O primeiro é o fortalecimento do relacionamento com o cliente. O serviço prestado deve superar as expectativas dos clientes. Novos tipos de serviços podem ser oferecidos aos consumidores, aumentando as possibilidades de interação entre estes e a empresa ao longo do ciclo do pedido. O cliente deve ser informado de todos os detalhes referentes ao ciclo completo do pedido, assim como acerca da disponibilidade dos produtos, previsão de entrega e custo total da transação. As empresas devem ser pró-ativas no envio de informações relativas ao pedido do cliente, especialmente quando as metas previamente estabelecidas no momento da compra não puderem ser cumpridas. Além destas preocupações, as empresas devem projetar e gerir um serviço pós-venda ágil e simples. Ou seja, a estrutura de serviços pós-venda deve permitir aos clientes um processo simples e rápido de devolução da mercadoria, tanto no caso de cancelamento da compra, quanto de troca. Para prestarem esse serviço, de forma planejada, as empresas devem se preocupar tanto com o fulfillment quanto com a logística reversa.

O segundo princípio do modelo é o foco em pacotes, e não em pallets. As empresas devem se preparar para um grande fluxo de pedidos compostos de poucos itens e configurar seu sistema logístico de modo a obter o nível de serviço desejado. Aquelas que desejarem ter sucesso de longo prazo devem se preparar para ciclos de pedido reduzidos, muitas vezes com duração de horas ao invés de dias. As empresas devem procurar reduzir ao máximo o número de devoluções. Como a previsão de vendas pode ser uma tarefa difícil em se tratando de e-commerce, é necessário se preparar para os períodos de pico, muitas vezes negociando serviços especiais junto aos fornecedores de modo a contemplar essas fases. Em suma, as empresas devem realizar uma boa gestão da demanda. Além disso, elas devem se preocupar com a consolidação de itens em uma única entrega, sem comprometer os custos de estoque. Uma outra recomendação é a de personalizar serviços para cada pedido, tais como montagem, embrulho para presente e promoções, buscando realizar um marketing um a um..

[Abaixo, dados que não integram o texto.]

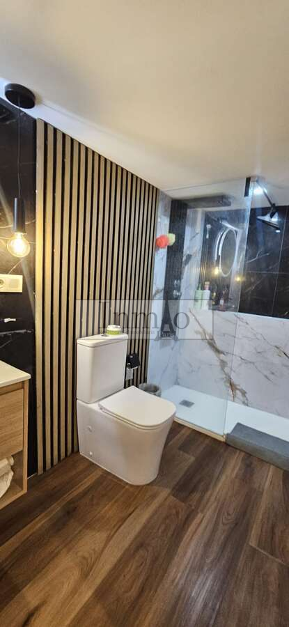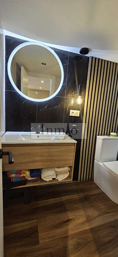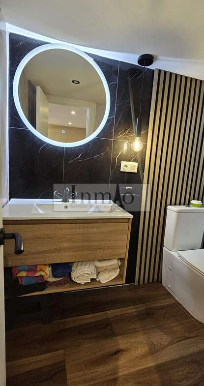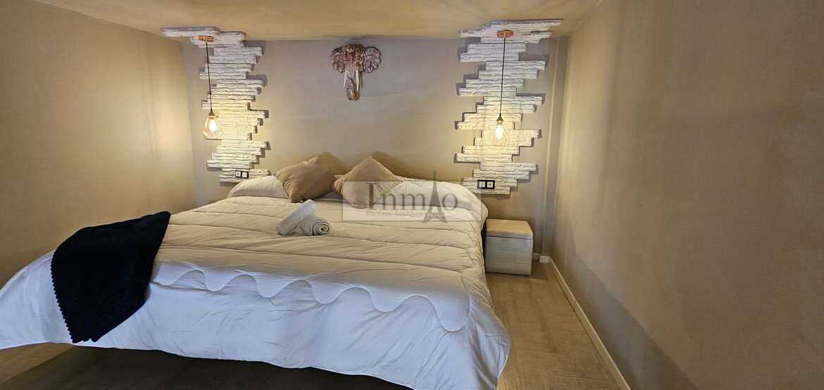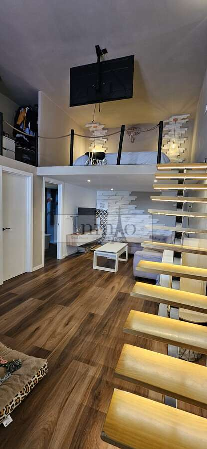 A través de una escalera interior se accede al dormitorio abierto, que aporta amplitud y luminosidad al conjunto de la vivienda. El apartamento cuenta con aire acondicionado, garantizando confort durante todo el año.

O terceiro e último princípio diz respeito à entrega porta a porta. As empresas devem se preparar para todo tipo de entrega, seja ela comercial, residencial, com montagem solicitada, que contemple a ausência do cliente etc. Muitas empresas consideram a atividade de entrega uma commodity; mas no e-commerce, ela deve ser vista como um fator de diferenciação junto aos clientes. Para tanto, deve se oferecer ao cliente várias opções quanto ao recebimento da mercadoria, proporcionando-lhe o máximo de conveniência. Deste modo, as empresas podem, por exemplo, permitir que o cliente recolha sua encomenda em determinado local combinado. E por último, as empresas devem tratar as exceções automaticamente, permitindo, inclusive, o redirecionamento de pacote durante todo o ciclo de entrega. Essa automação é necessária face o volume de pedidos diários, que não mais comportam um tratamento manual e não planejado dos casos de exceção.